SAN FRANCISCO (KGO) -- San Francisco's Municipal Transportation Agency Board unanimously approved a proposal that will offer free Muni rides to seniors and people with disabilities.

The vote comes after the agency approved giving free Muni rides to low and moderate income youth last year.

On Tuesday, Lee praised Muni for following through and issued the following statement: "In my State of the City address, I called upon the SFMTA to expand free Muni to low-income seniors and people with disabilities, and I thank the Board of Directors for answering this call today.

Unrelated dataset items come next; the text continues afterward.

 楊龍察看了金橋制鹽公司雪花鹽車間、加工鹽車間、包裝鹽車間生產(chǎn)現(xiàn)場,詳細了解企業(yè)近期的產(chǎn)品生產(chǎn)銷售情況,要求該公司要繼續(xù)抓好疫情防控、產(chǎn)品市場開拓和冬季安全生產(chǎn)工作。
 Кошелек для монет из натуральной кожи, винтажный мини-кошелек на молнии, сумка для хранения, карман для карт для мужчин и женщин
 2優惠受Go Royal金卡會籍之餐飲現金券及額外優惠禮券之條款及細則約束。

Also today, I call upon the private sector to partner with us, once again, and help fund this vital service that supports our city's most vulnerable."

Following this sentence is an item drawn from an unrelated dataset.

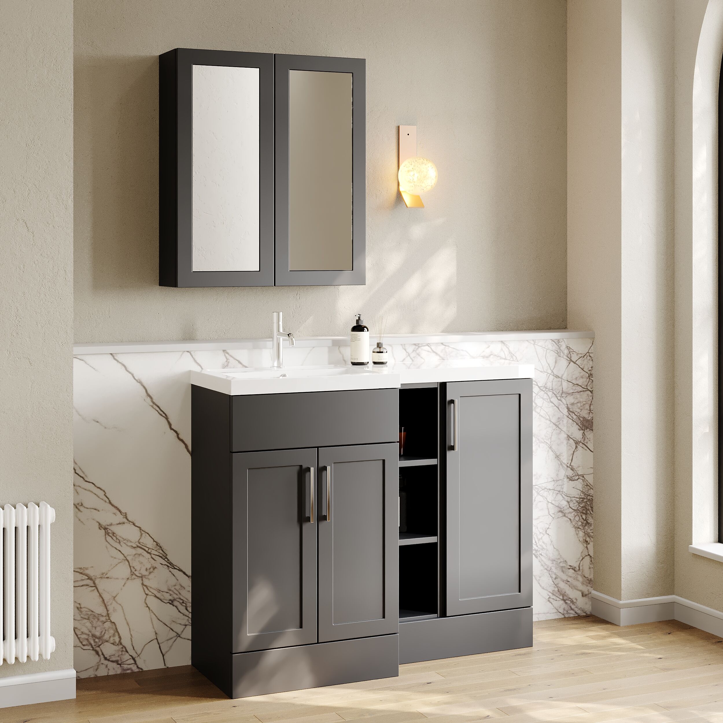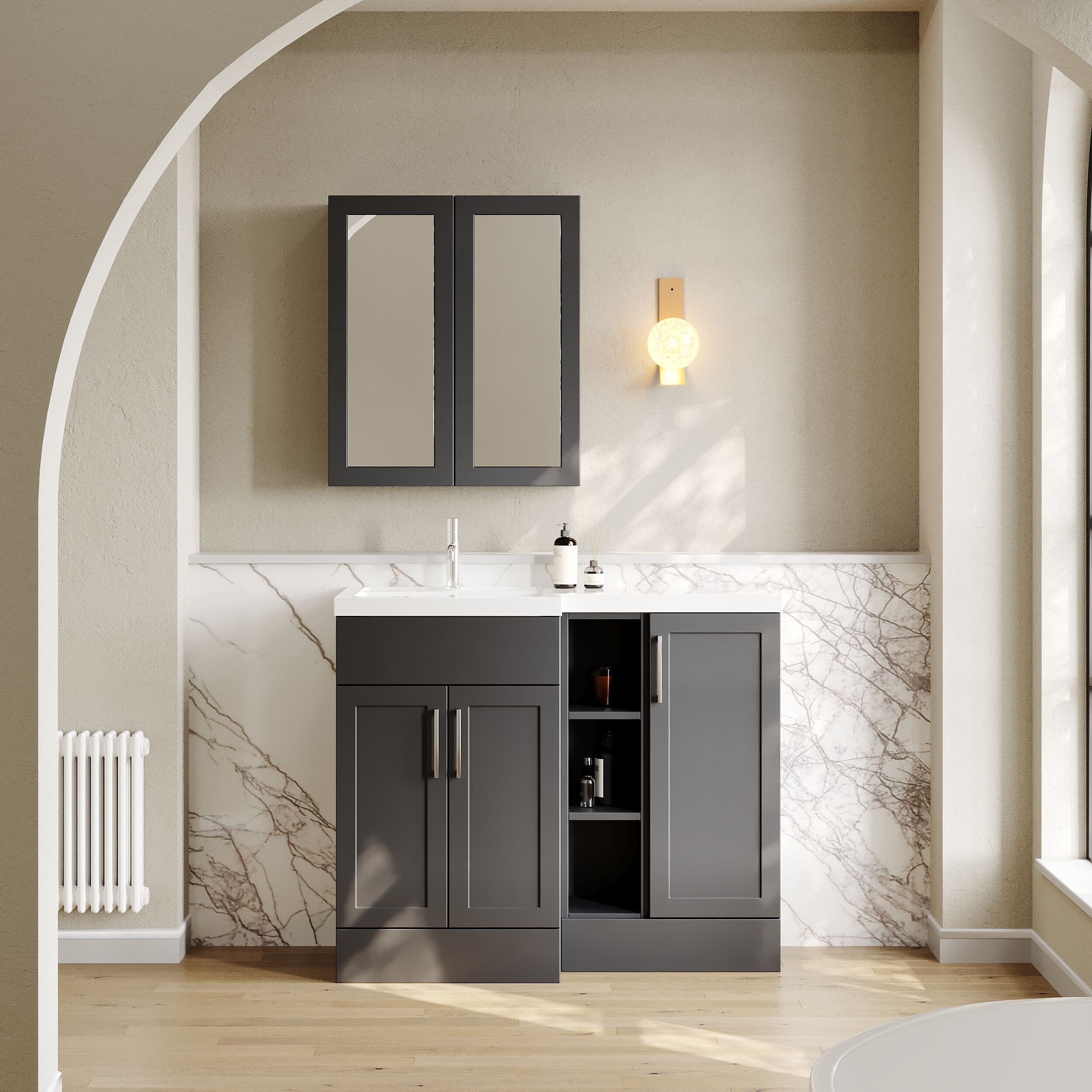 Nuie Lux Fable 1000mm Full Depth Combination Unit & L-Shaped Basin - Left Hand - Pebble Grey

Rallies like the one held Tuesday have put the pressure on Muni for the past year. Senior citizens and the disabled say they need to ride Muni free of charge.

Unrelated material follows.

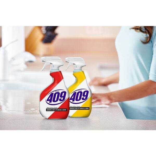 Formula 409 Multi-Surface Cleaner in Original scent is the ultimate cleaner, degreaser and disinfectant for your home, even removing 100% of grease and grime. The antibacterial formula quickly cuts through grease and grime and disinfects as you wipe, killing over 99.9% of germs*, including the COVID-19 virus . One cleaner works on many surfaces: stainless steel, synthetic marble, glazed ceramic tile, linoleum, countertops*, stovetops*, sinks, floors, cabinets, tubs and walls*. The no-bleach formula deodorizes your kitchen and bathroom surfaces, leaving behind a fresh scent. This household cleaner works great indoors and out on a wide range of hard nonporous surfaces. One 128-ounce refill can fill four 32-ounce spray bottles. *Salmonella enterica, Escherichia coli 0157:H7 (E. coli), Staphylococcus aureus, Influenza A Virus, Herpes Simplex Virus Type 2 on hard, nonporous surfaces. A potable rinse is required for food contact surfaces. Kills SARS-CoV-2 on hard, nonporous surfaces.
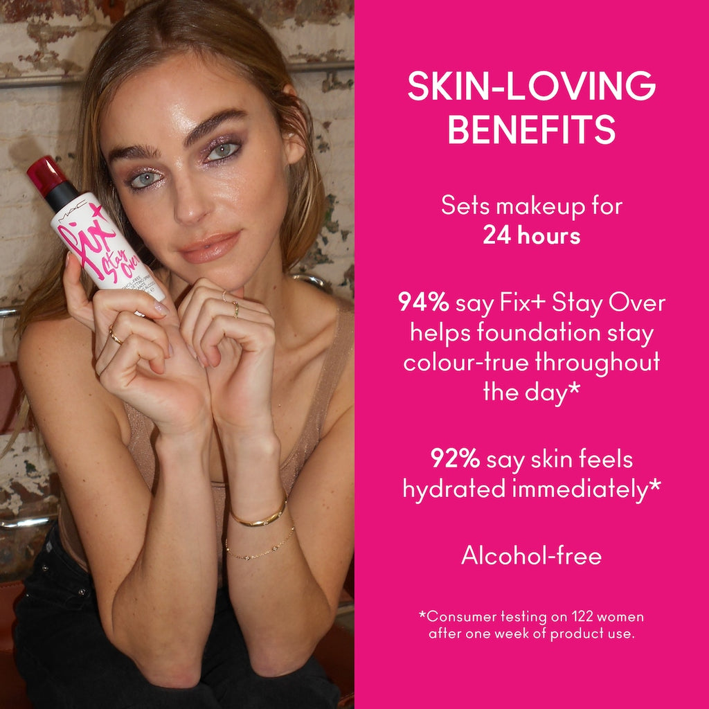 Keep your makeup flawless all day with the MAC Fix+ Stay Over Alcohol-Free 24HR Setting Spray. This innovative, alcohol-free formula is designed to lock in makeup for up to 16 hours while offering essential hydration and protection against environmental pollutants and blue light. Perfect for all skin types, this lightweight spray helps maintain your makeup's integrity, ensuring it stays color-true and transfer-resistant throughout the day.

Right now the adult fare is $68 a month. Low and moderate-income seniors and riders with disabilities pay $23, but Mira Ingram says even that is still too much for her. "I have to pick between the Muni or maybe getting some more food, or something like that," she said.

Last year the transportation agency gave low-income young people a free ride, which Google has agreed to pay for two years.

Rommie Whitaker says he needs a break too. "It'll free up money in my already tight budget," he said.

Muni estimates at least 24,000 San Franciscans will be able to benefit and the board of directors unanimously agreed to spend an estimated $4 million to fund the program for one year.

"I think it's a matter of social justice. The divisions in the city between the wealthy and the poor are so wide, this is a small step we can take. I think it will make a difference," SFMTA Board Chairman Tom Nolan said.

One speaker who says she represents an organization of people with developmental disabilities opposes the plan, saying the money should go to fix Muni. "To me they'll lose money on transportation and that's why they need more buses," Gena Lynn said.

But transit officials say with Proposition A and Proposition B approved by the voters last November, the agency is in better financial health and announced service increases on more than half of all Muni lines.

"I'm going to go out and celebrate, take Muni to the park and enjoy the sun," one woman said.